Plymouth man sentenced to 18 years in prison for attempted murder on Black Friday

A Plymouth man will serve more than a decade in prison for a shooting last November on Black Friday.

Austin Robert LeClaire, 27, was sentenced Monday to 18 years (216 months) in prison for attempted first-degree premeditated murder.

LeClaire was charged with shooting his girlfriend after a birthday party and then fleeing to Wisconsin. As previously reported, he was eventually captured in Clark County.

RELATED: Man connected to Plymouth shooting detained in Wis., will be returned to Hennepin County

A plea deal filed in March shows LeClaire agreeing to enter a guilty plea to the first-degree murder charge in exchange for charges of attempted second-degree murder and first-degree assault being dismissed.

Plymouth police officers were called to a home in the 14300 block of 40th Place North at around 7:20 p.m. on Nov. 25 for a report of a shooting. There, they found a 23-year-old woman unresponsive in the garage with a gunshot wound to her head.

Court documents state officers at the scene were flagged down by a neighbor, who said LeClaire was on the phone. LeClaire then spoke to police, saying he heard the gun go off and could hear the victim breathing but she couldn’t talk. He then said he was at work at the time of the shooting but was on his way home and was around 20 minutes away.

However, when he hadn’t shown up more than an hour later, police checked his cellphone’s location data and learned he was driving east in Wisconsin. He was pulled over and arrested by Clark County deputies a short time later.

RELATED: Charges: Plymouth man allegedly shot girlfriend after birthday party, fled to Wisconsin

A criminal complaint states that the neighbor told police he frequently hears LeClaire and the woman arguing and added that LeClaire has threatened the woman and others with a gun in the past.

Another man told investigators that he was at LeClaire’s home for a birthday party less than an hour before the shooting.

According to the complaint, the man said the victim and LeClaire were arguing during the party and, about 45 minutes after he left, LeClaire called the man saying his gun went off and hit the victim and he didn’t know what to do. The man says he told LeClaire to call police.

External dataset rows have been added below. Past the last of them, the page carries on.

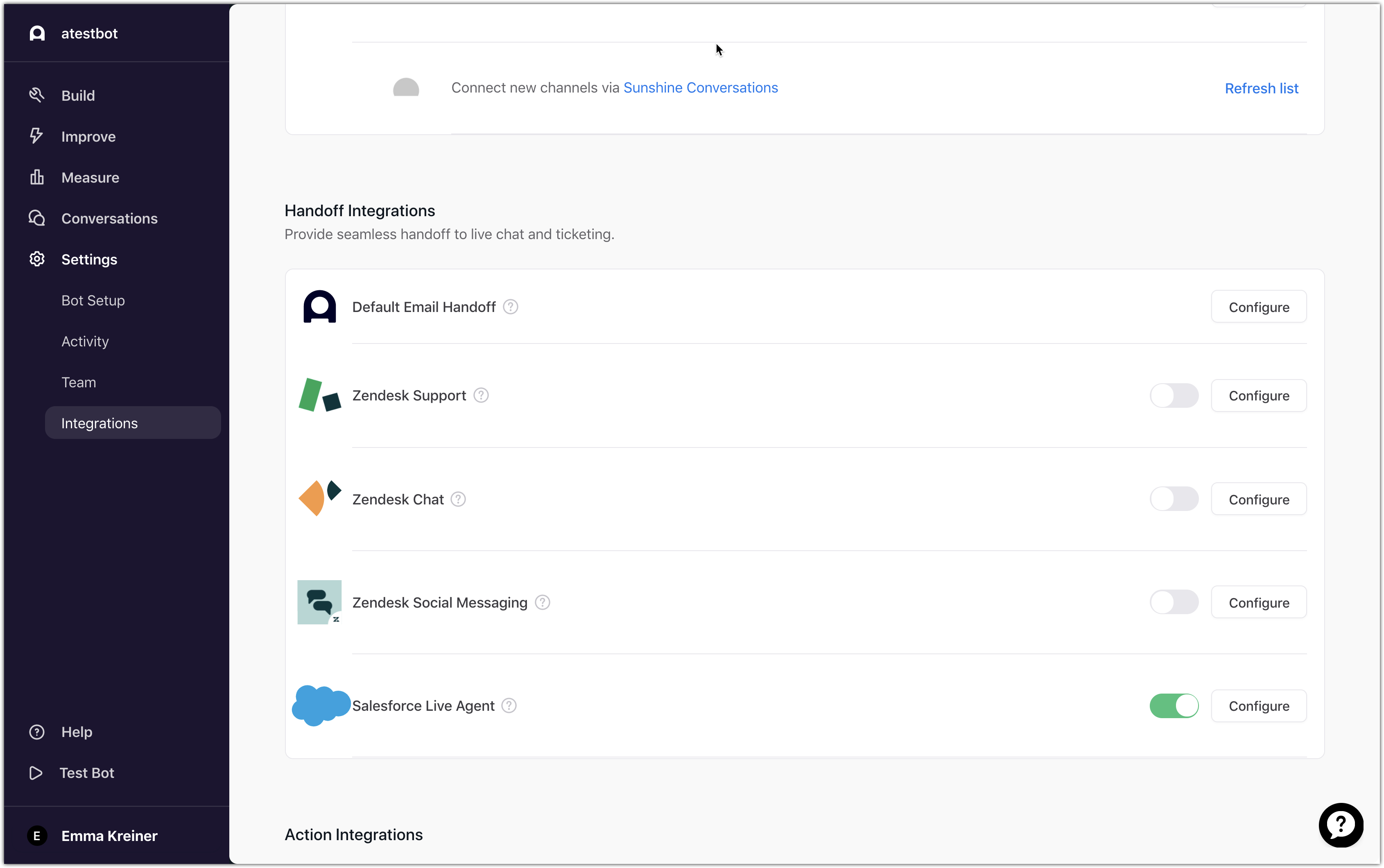 In Ada, access the Salesforce Live Chat Settings by opening the following path: Settings > Integrations > Configure within Salesforce Live Agent.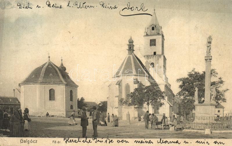 Galgóc, Hlohovec; Fő tér, templom, Szentháromság szobor, piac / main s...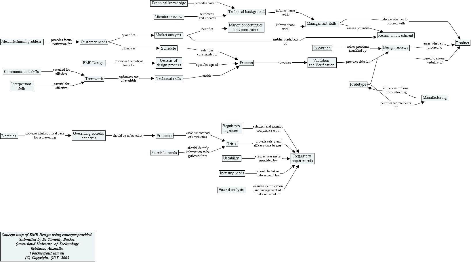 barker concept map (hierarchical format), market analysis, technical skills, teamwork, genesis of design process, customer needs, innovation, market opportunities and constraints, design reviews, useability, literature review, protocols, process, manufacturing, prototype, return on investment, concept map of bme design using concepts provided. submitted by dr timothy barker, queensland university of technology brisbane, australia t.barker@qut.edu.au (c) copyright, qut. 2003, overriding societal concerns, medical clinical problem, trials, industry needs, bioethics, regulatory requirements, interpersonal skills, product, technical knowledge, bme design, schedule, validation and verification, technical background, management skills, communication skills, scientific needs, hazard analysis, regulatory agencies
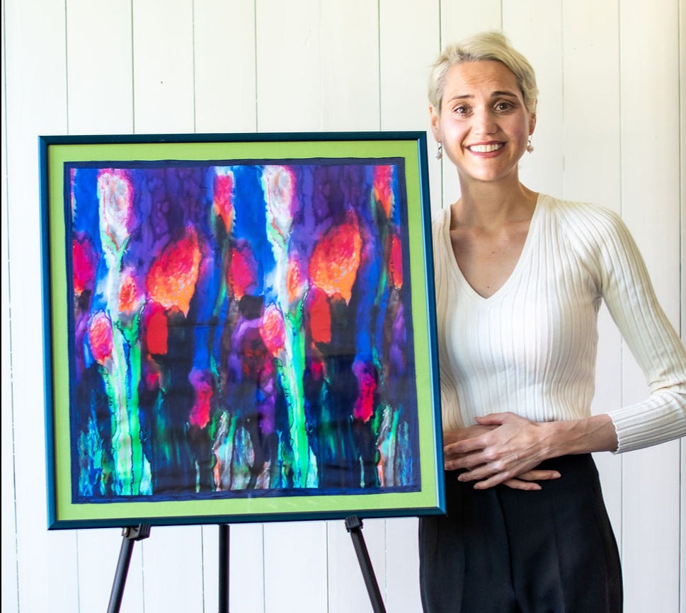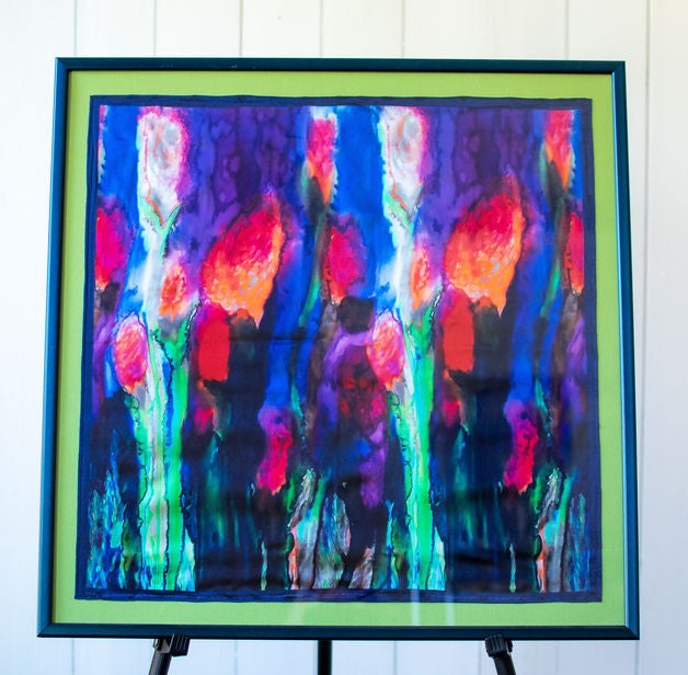 Created by Cydney and painted on silk.  The creative joy and humour of the artist radiates and celebrates with colour and imagination.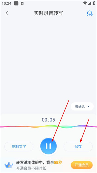 3、錄音過程中可點擊暫停按鈕暫停錄音,也可點擊保存按鈕,完成錄音轉(zhuǎn)文字。
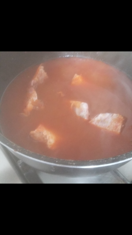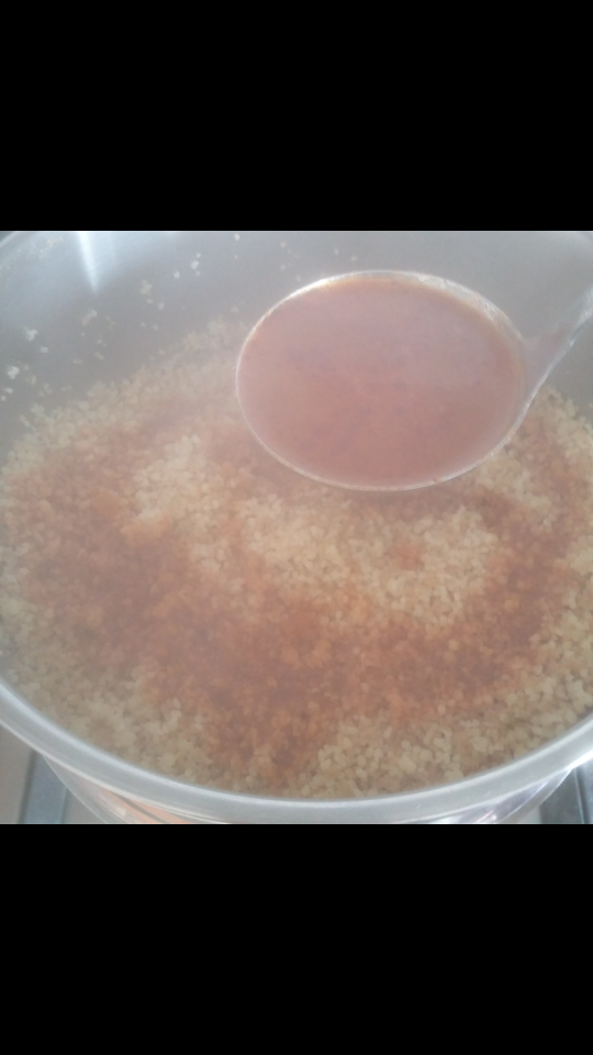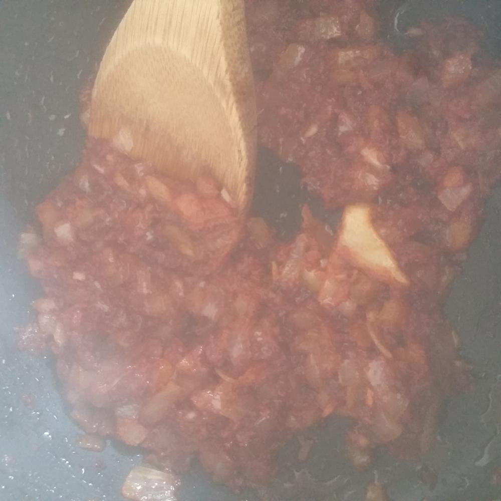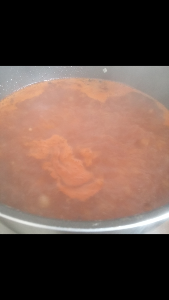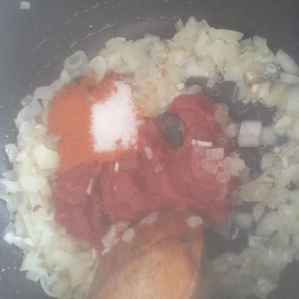 ... نضيف 2 ملاعق معجون طماطم و ملعقة فلفل احمر بودرة حار... ملعقة فلفل اسود و زيها ملح و ملعقة كمون ... نحركهم دقيقتين ثم تضيف 3 أكواب ماء ساخن و نخليها تتسبك حوالي ربع ساعة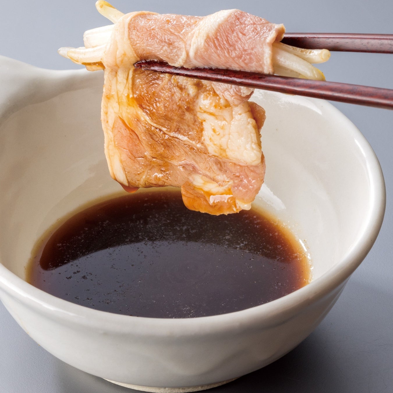 本醸造しょうゆにりんごや香味野菜、香辛料をブレンドし本場の味を再現。甘さを抑え、すっきりした味わいのつけだれです。すりおろしにんにく、ごま、ネギみじんぎりなどでアレンジするのもおすすめです。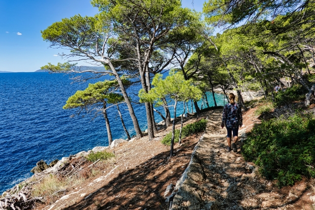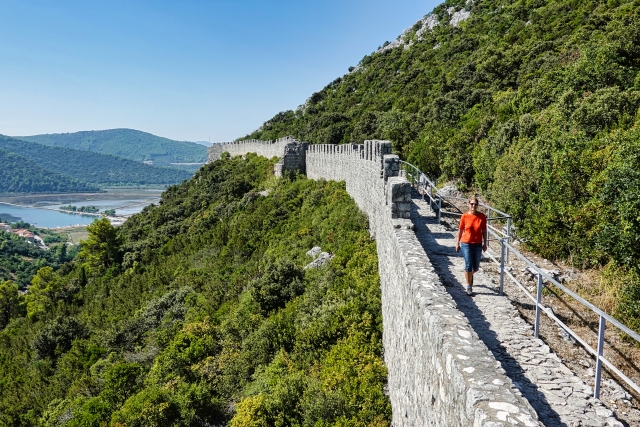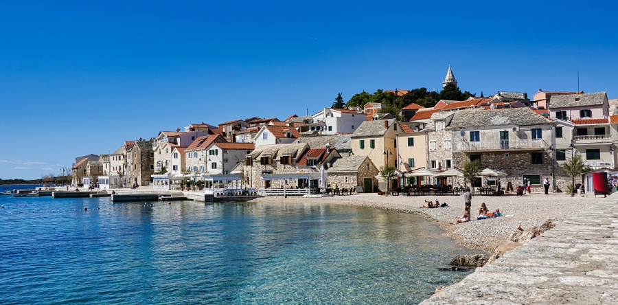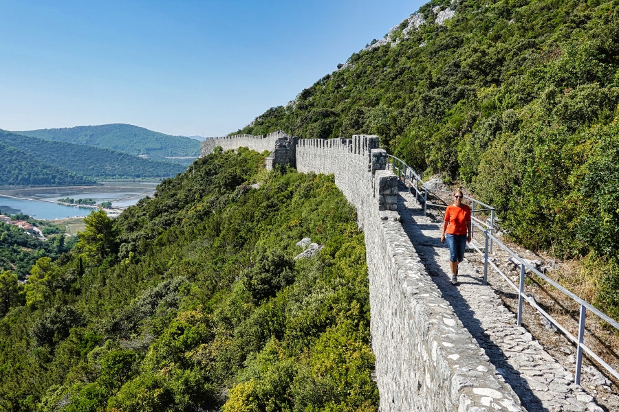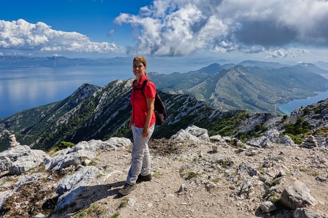 Bei der Weiterfahrt begeistert die Küstenlinie und das klare türkisfarbene Wasser. Die hohen Karstberge im Landesinneren (das in Dalmatien ja nicht so breit ist) geben den malerischen Hintergrund vor dieser Kulisse, unzählige Inseln liegen im Meer. Ja, Kroation ist wahrlich gesegnet mit seinen Naturschönheiten. Darüber hinaus ist Kroatien ein Wanderparadies. Häufig schnüren wir die Wanderschuhe und genießen auch von oben die wunderbare Aussicht und beeindruckende Bergpanoramen im kargen Gestein.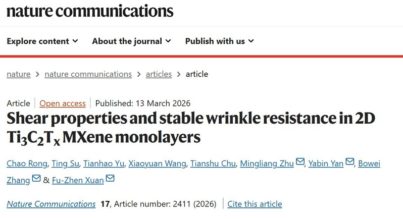 近日,我校机械与动力工程学院轩福贞教授团队在《自然·通讯》上发表了题为“二维Ti3C2Tx MXene单层纳米片的剪切性能和稳定抗皱特性”的研究论文,报道了该课题组在Ti3C2Tx 基柔性传感材料结构强度领域的最新研究进展,首次通过扫描透射电子显微镜并结合分子动力学模拟、第一性原理计算在原子尺度观察到二维材料剪切载荷下的损伤起源,打破了人们对二维材料剪切失稳的传统认知。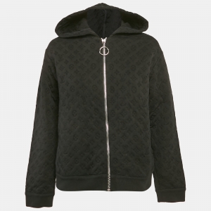 جاكيت بقلنسوة بسحّاب خليط حرير بطبعة شعار رمادي لوي فيتون مقاس صغير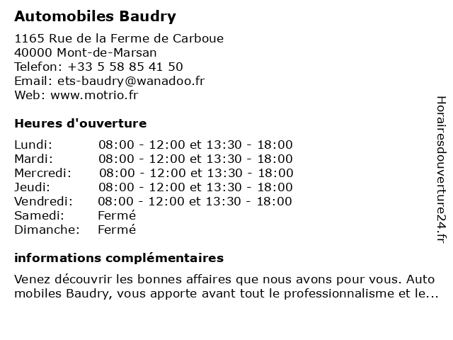 | Lundi | 08:00-12:00 et 13:30-18:00 |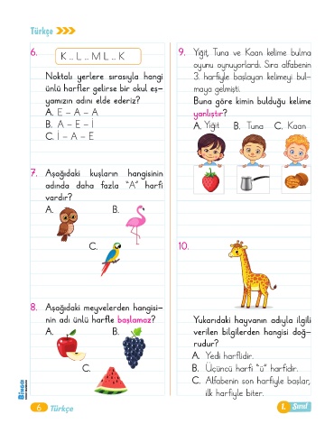 6. K ... L ... M L ... K 9. Yiğit, Tuna ve Kaan kelime bulma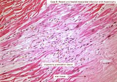 | TISSUE TYPE: periphrally we can see muscle fibrs .. HEART PATHOLOGY: centrally .. fibrosed area with some inflamatory cells DIAGNOSIS: myocardial infarction (healed by fibrosis) KEY: VIABLE PART OF MUSCLE AND FIBEROSED PART | |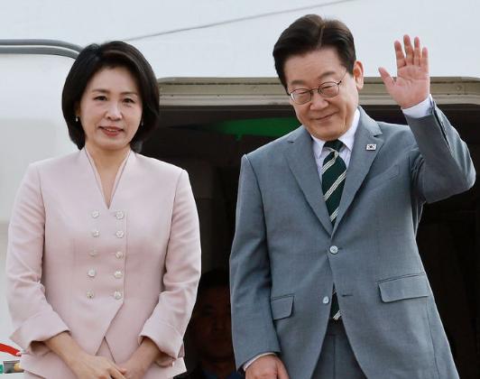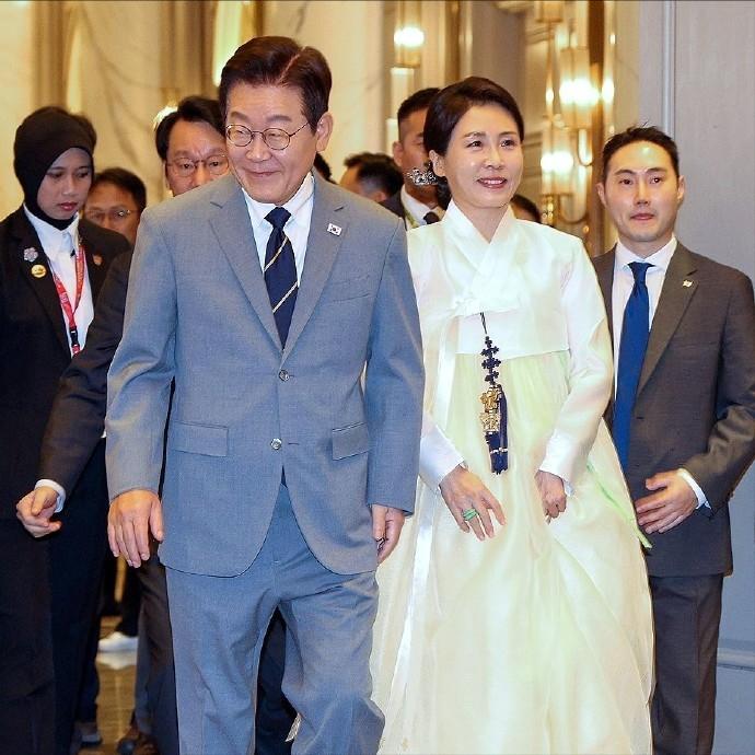10月26日,韩国第一夫人和老公李在明抵达马来西亚吉隆坡。 值得一提的是,韩国夫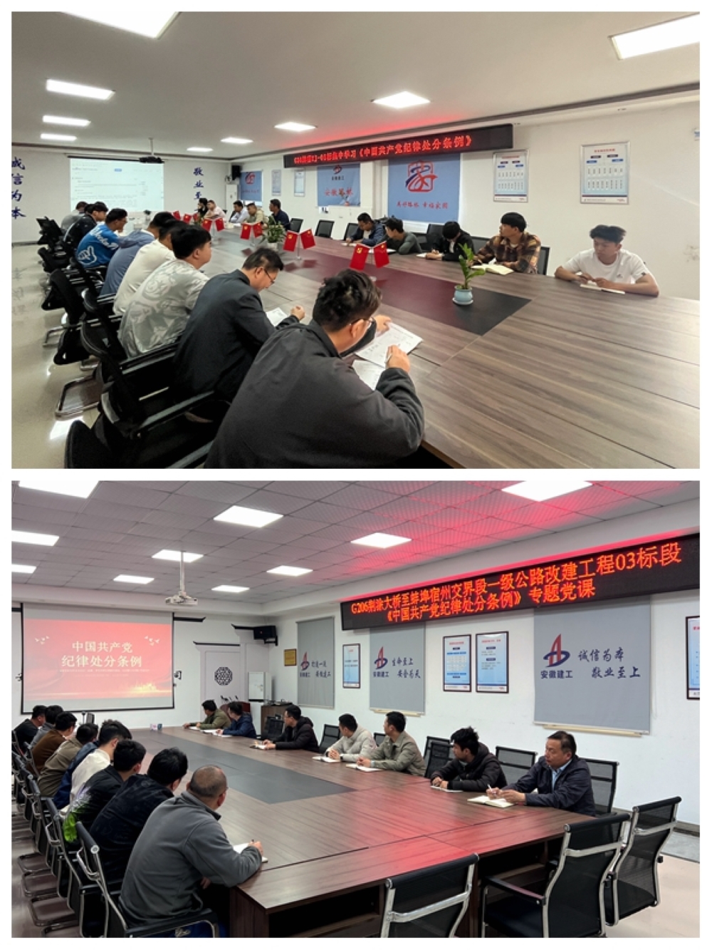 G36明蚌改扩建1标党支部、G206-03标项目党支部通过专题会议与党课,深度解析学习《中国共产党纪律处分条例》,将纪律内化于心、外化于行,促使纪律规范成为项目团队日常行为的自觉遵循。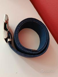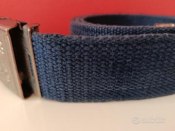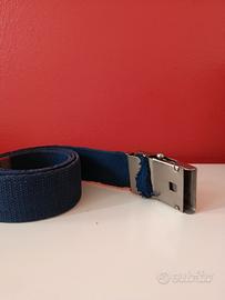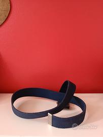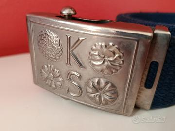 cintura in cotone blu scuro vintage originale firmata Ken Scott. La fibbia in metallo argentato lucido presenta l'iconico logo "KS" con corona, simbolo del brand. Accessorio perfetto per collezionisti del vintage italiano di qualità o per chi apprezza lo stile massimalista e artistico di Ken Scott. Condizioni vintage molto buone.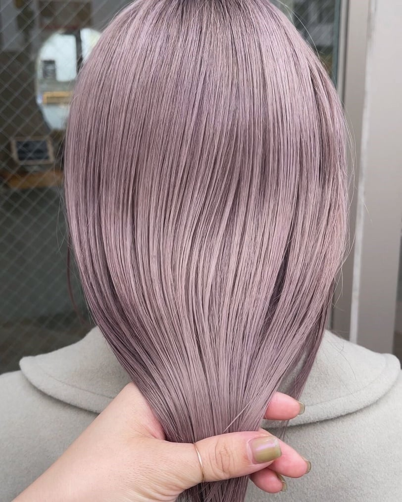 如果覺得前面幾款都太過於乖巧日常,想來點變化,不妨試試這款溫柔的薰衣草米褐色!染後髮質看起來是霧面質地,更不顯毛躁、分岔,髮質相對看起來會更好更柔順,且低飽和度的紫色也更好駕馭、即便素顏也不奇怪,絕對是蠟黃暗沉肌的顯白髮色,整個人呈現柔軟輕盈的氣質。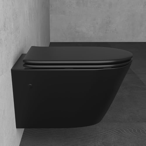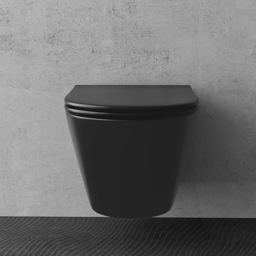 LIEFERUMFANG: Spülrandloses Hänge WC jeder Keramik – schwarze Retirade Mit Hilfe von Nano Beschichtung. Abnehmbarer Toilettendeckel Mit Hilfe von Absenkautomatik. Maße: 51,5 cm Länge, 37 cm Breite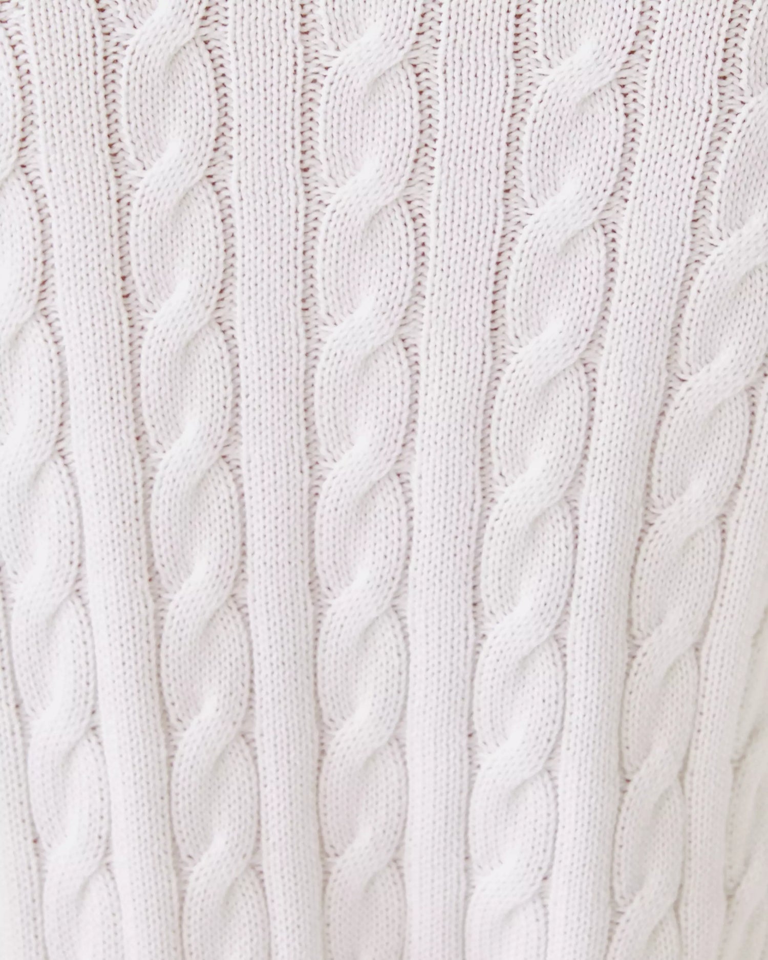 - Straight fit, v-neck, cable knit sweater with striping details at the trim.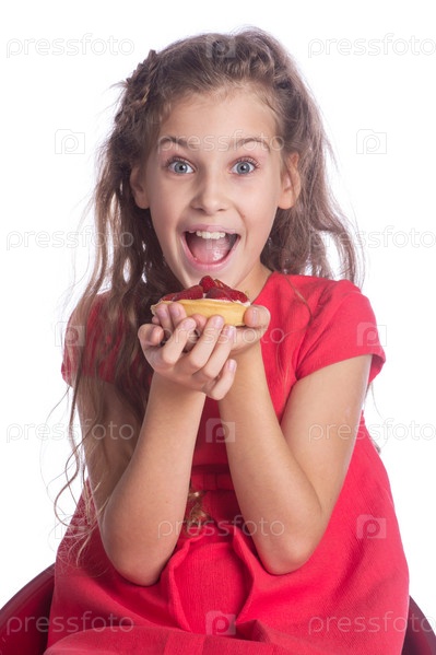 Девочка с десертом на белом фоне

Additionally, the man told police about a separate incident in which LeClaire was angry at the woman and touched a gun on his hip, causing it to fire. When the man told LeClaire to leave, LeClaire then pistol-whipped him with the gun, the man said.

In an interview with police, LeClaire admitted that he and the victim had been arguing and claimed he threw his loaded Glock on a table. He then said he walked out of the garage and heard a noise but didn’t check what it was and went to a nearby gas station. He added that he didn’t find the victim until he got home, then he “freaked out” and called 911 but left because he was scared.

The complaint adds that LeClaire initially denied seeing a gun but later said he took the gun with him, disassembled it as he drove to Wisconsin and then threw it out the window near a river.

Investigators noted that, during the interview, LeClaire showed little concern for the woman’s condition, and his cellphone records show that he’d texted two people that the victim had him “(expletive) irate” and he was “on my last nerve.”

An employee at the gas station told police that a man matching LeClaire’s description came into the store that night with a gun on his waist and a large magazine protruding from it. The employee noted the man was repeatedly saying, “What do I do?” to someone on the phone. He bought cigarettes and then left the store.